2. Make the anchovy paste and dressing:

  • Finely grate 6 large cloves garlic directly onto a cutting board. Place about 15 anchovies on the board with the garlic. (The remaining anchovies will be used as burger topping!) Using two forks, mash the two together until a smooth paste is formed.
  • Transfer 2 teaspoons of the paste to a large bowl (reserve all the remaining paste for seasoning the patties), along with ½ cup mayonnaise, ⅓ cup Dijon mustard, the finely grated zest of 1 lemon, and the juice of half a lemon. Whisk until thoroughly combined. Season to taste with salt and pepper. Now season again with more pepper– the dressing warrants a lot! Transfer to the refrigerator until ready to toss with the baby gems.

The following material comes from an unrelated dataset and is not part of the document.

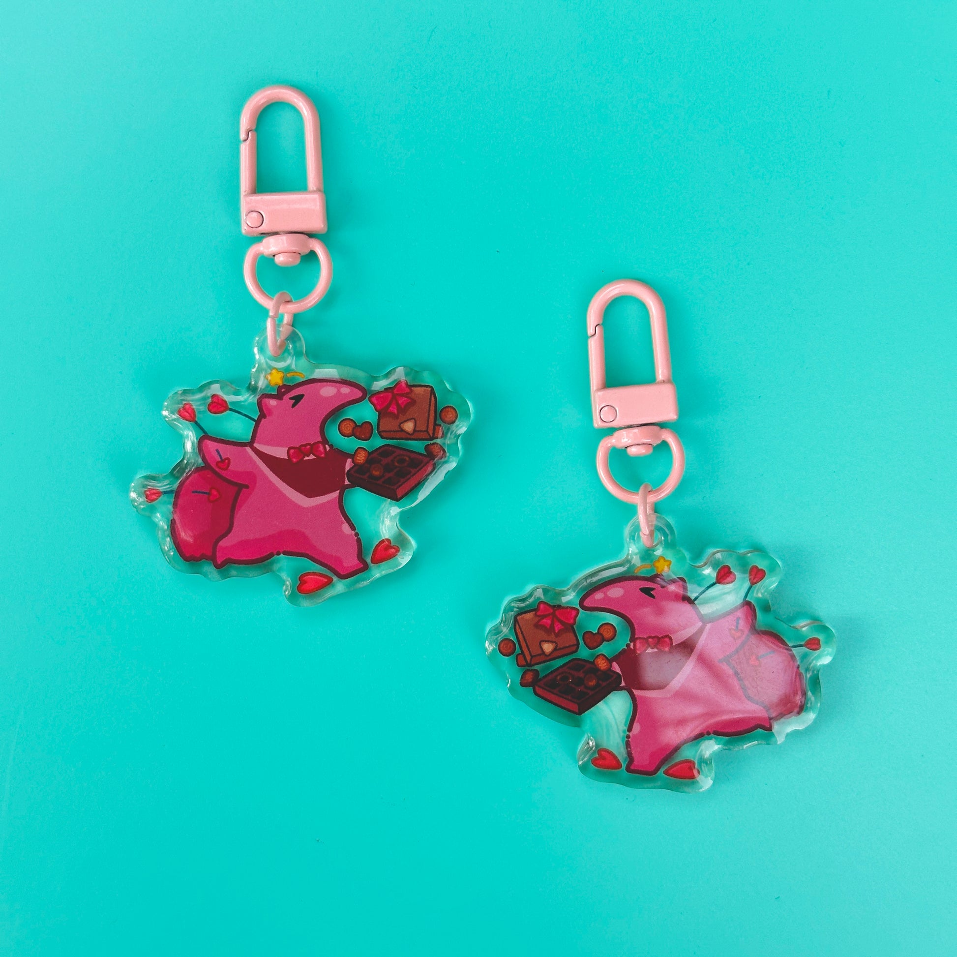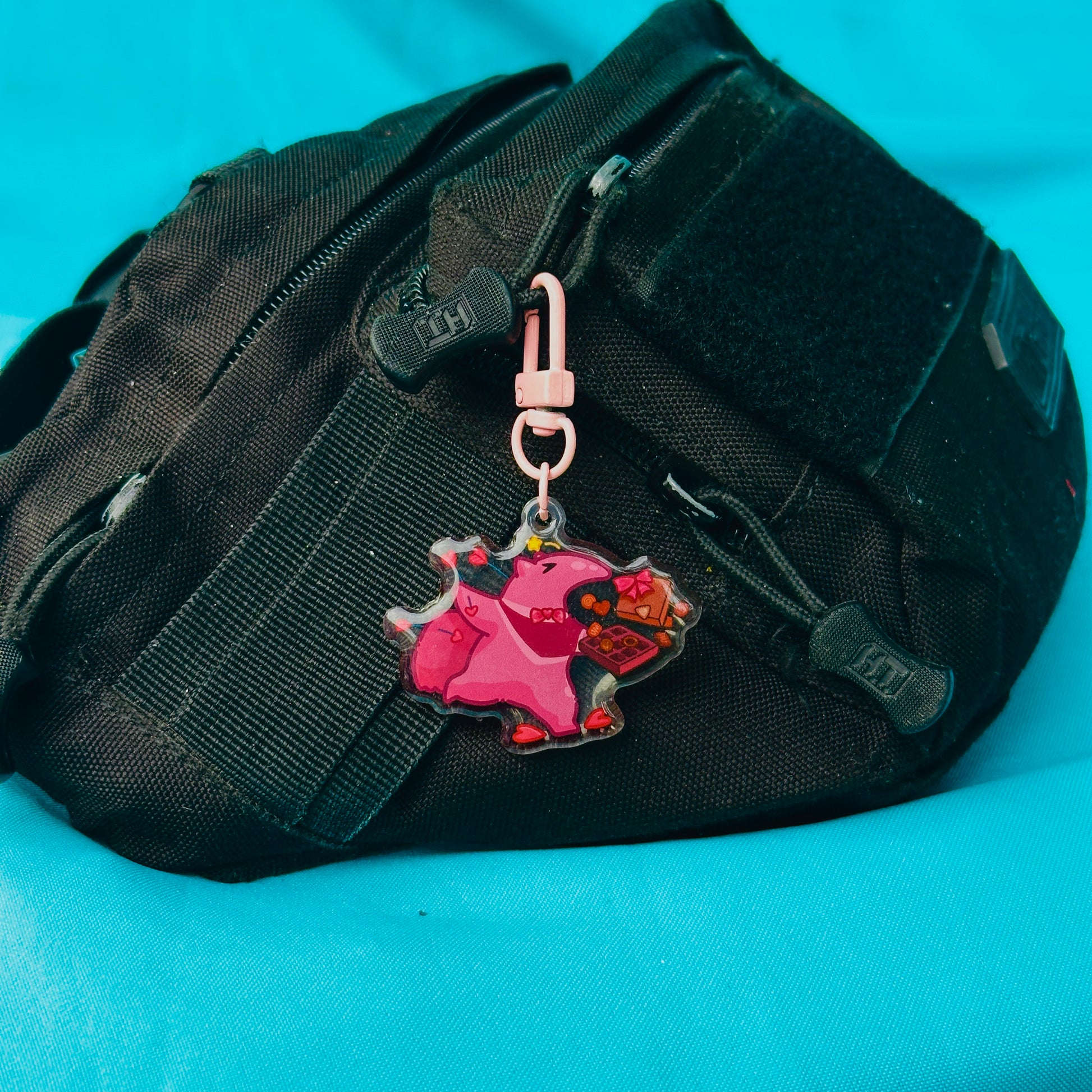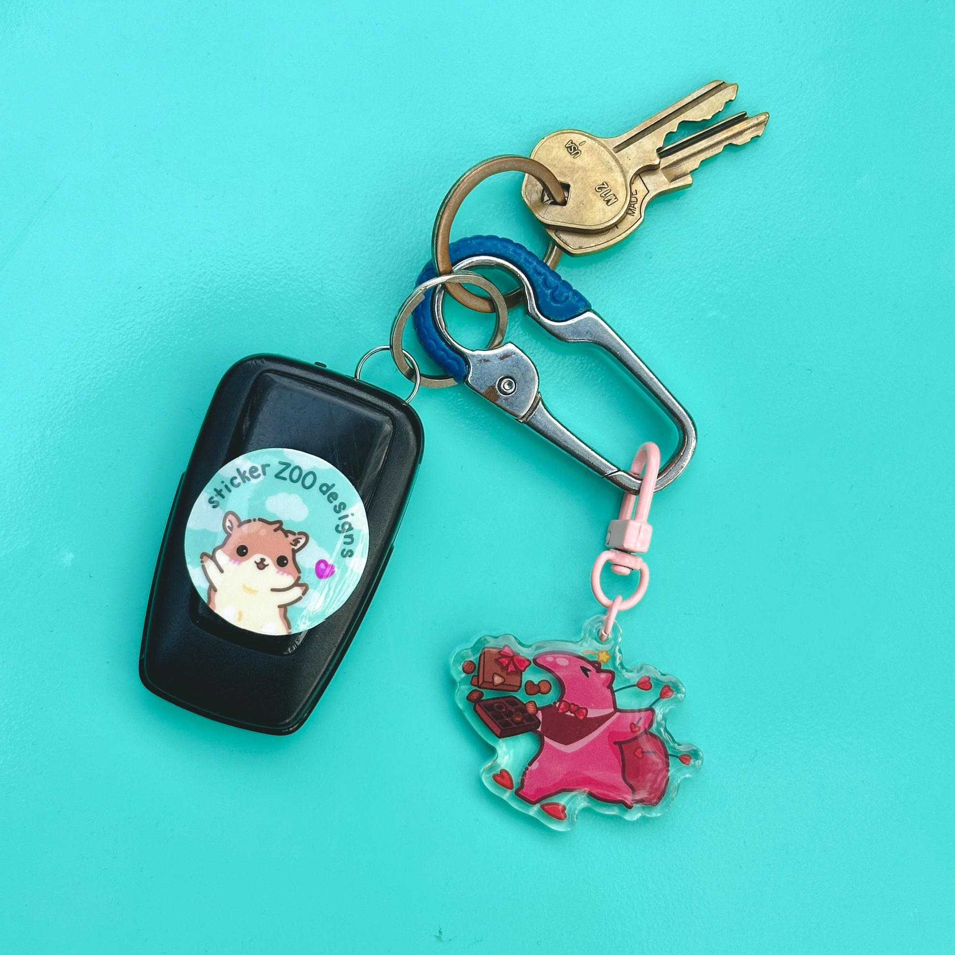 • Double-sided acrylic epoxy keychain with clip on pink chain

3. Make the anchovy-garlic patties:

  • Place 1 ½ lbs of ground beef into a large bowl. Sprinkle with 1 teaspoon kosher salt and a healthy dose of freshly ground black pepper. Dot the beef with half of the anchovy paste in little dime-sized pockets. Give the beef a very light mixing with your hands, add the remaining paste in the same manner (dotting it), and mix gently once more–goal here is to retain little pockets of choves.
  • Divide the meat mixture into four equal portions (6½ oz each). Flatten the portions into roughly-shaped rounds on a work surface, slightly larger than the size of your palm. Divide 1 oz parm (about ½ cup, lightly packed) amongst the patties, into the center of each round. Enclose the cheese in the patties and re-flatten into 4-inch rounds, approximately ¾-inch high. You can do this with your hands, of course, but using the lid of a classic deli container is a helpful tool for making uniform patties: Place each portion of meat on top of the lid, lightly and evenly pressing the meat to the edges.
  • To the remaining 4 ounces of grated cheese, add a heaping tablespoon of all-purpose flour and toss with a fork to combine. (This will become your frico mixture.)

4. Fire the burgers!!!:

  • Toast or grill 4 brioche buns as you wish: under the broiler in your oven, on the grill, or in a large cast iron skillet over medium-high heat.
  • Preheat one large cast iron skillet over high heat for three minutes. You will cook in two batches, but can also cook simultaneously if you have 2 large (10-12”) skillets.
    Make sure the bowl of parm with the flour is at the ready!
  • Add about a teaspoon vegetable oil to the skillet and swirl to coat–you should see wisps of smoke emanating from the skillet, If not, preheat longer. Add the patties and cook, undisturbed, for 2 ½ minutes, until well seared on the undersides. (The burgers should be sizzling vigorously; if they’re not, increase the heat.) Set a timer! Flip, and continue to cook until burgers register 120 degrees on the interior for medium-rare, 2 minutes more.
  • FRICO IT UP: Turn off heat, and immediately top each burger with a big ol’ pile of the parm-flour mixture, dividing it evenly among the patties, letting the majority fall around the edges of the patties themselves. Cook until the cheese turns ever so slightly golden brown, about 20-30 seconds. Using a thin metal spatula, loosen the frico from the surface of the skillet and flip the patties, frico and all, and cook 15 seconds longer. Transfer the patties to a baking sheet, don’t worry if the frico detaches from the patties at any point, it’s all going to the same place, you’ll just pile the frico right on top when you assemble the burgers.

5. Assemble:

  • Spread the buns with about 1 tablespoon of the caesar dressing per side.
  • Toss the remaining dressing with the sliced baby gems and season to taste with salt and pepper. Pile the lettuce on the bottom buns.
  • Place patties on top of lettuce, top each with a couple more anchovy filets, some white onion, and several pickles. Enjoy!!!